State secrets, information freedom, and technology’s contentious role in democracy will be probed by three UW–Madison professors Thursday, Feb. 10 at the Wisconsin Institutes for Discovery.

“WikiLeaks: Where Do You Stand?” will feature the interdisciplinary panel of communication arts professor Robert Glenn Howard, English professor Anne McClintock and journalism and mass communications professor Lewis Friedland at 5:30 p.m. Moderated by Wisconsin Public Radio’s Steve Paulson, the event is free and open to the public.

“The panelists are likely to address the history of leaks, from the Pentagon Papers to the Zimmerman Telegram, and their effect on diplomacy,” says Mary Ellen Gabriel, marketing and outreach manager at the Center for the Humanities. “Questions involve journalism ethics and the idea of ‘techno-blowback,’ or the unanticipated ripples created by new, fast-moving technology in times of war and other catastrophe.”

The Web site and media organization WikiLeaks was founded in 2006 by 39-year-old Australian Julian Assange, who sought to accumulate and streamline the release of classified government and corporate documents.

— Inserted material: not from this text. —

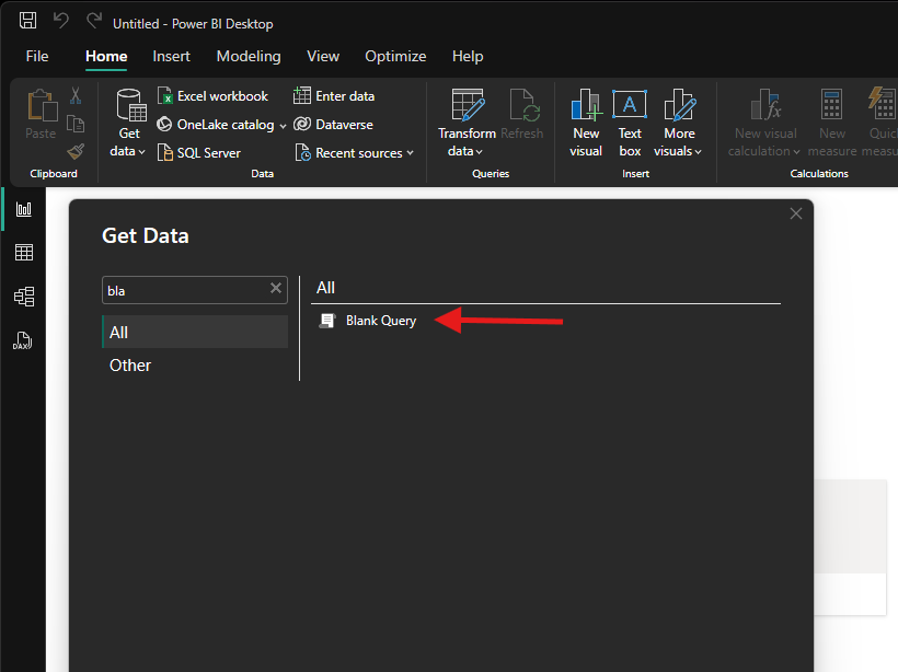 To get data from the data service using an SQL query, first you need to select “Blank Query” for the data source. This will open the Power Query Editor.

Last fall, the organization exposed more than a quarter million private diplomatic cables from the U.S. State Department, messages ranging from embarrassing revelations about world leaders to more sensitive national security exchanges. The group has also leaked thousands of Iraq and Afghanistan field reports.

“The fallout from WikiLeaks has shaken governments, corporations, and individuals,” Gabriel says. “It’s reverberating across academia as well, as scholars debate issues of journalism ethics, human rights, paranoia, international diplomacy, and much more.”

The discussion is part of the UW-Center for the Humanities public lecture series, “Humanities NOW,” which seeks to examine pressing contemporary issues. The Wisconsin Institutes for Discovery are located at 330 North Orchard St.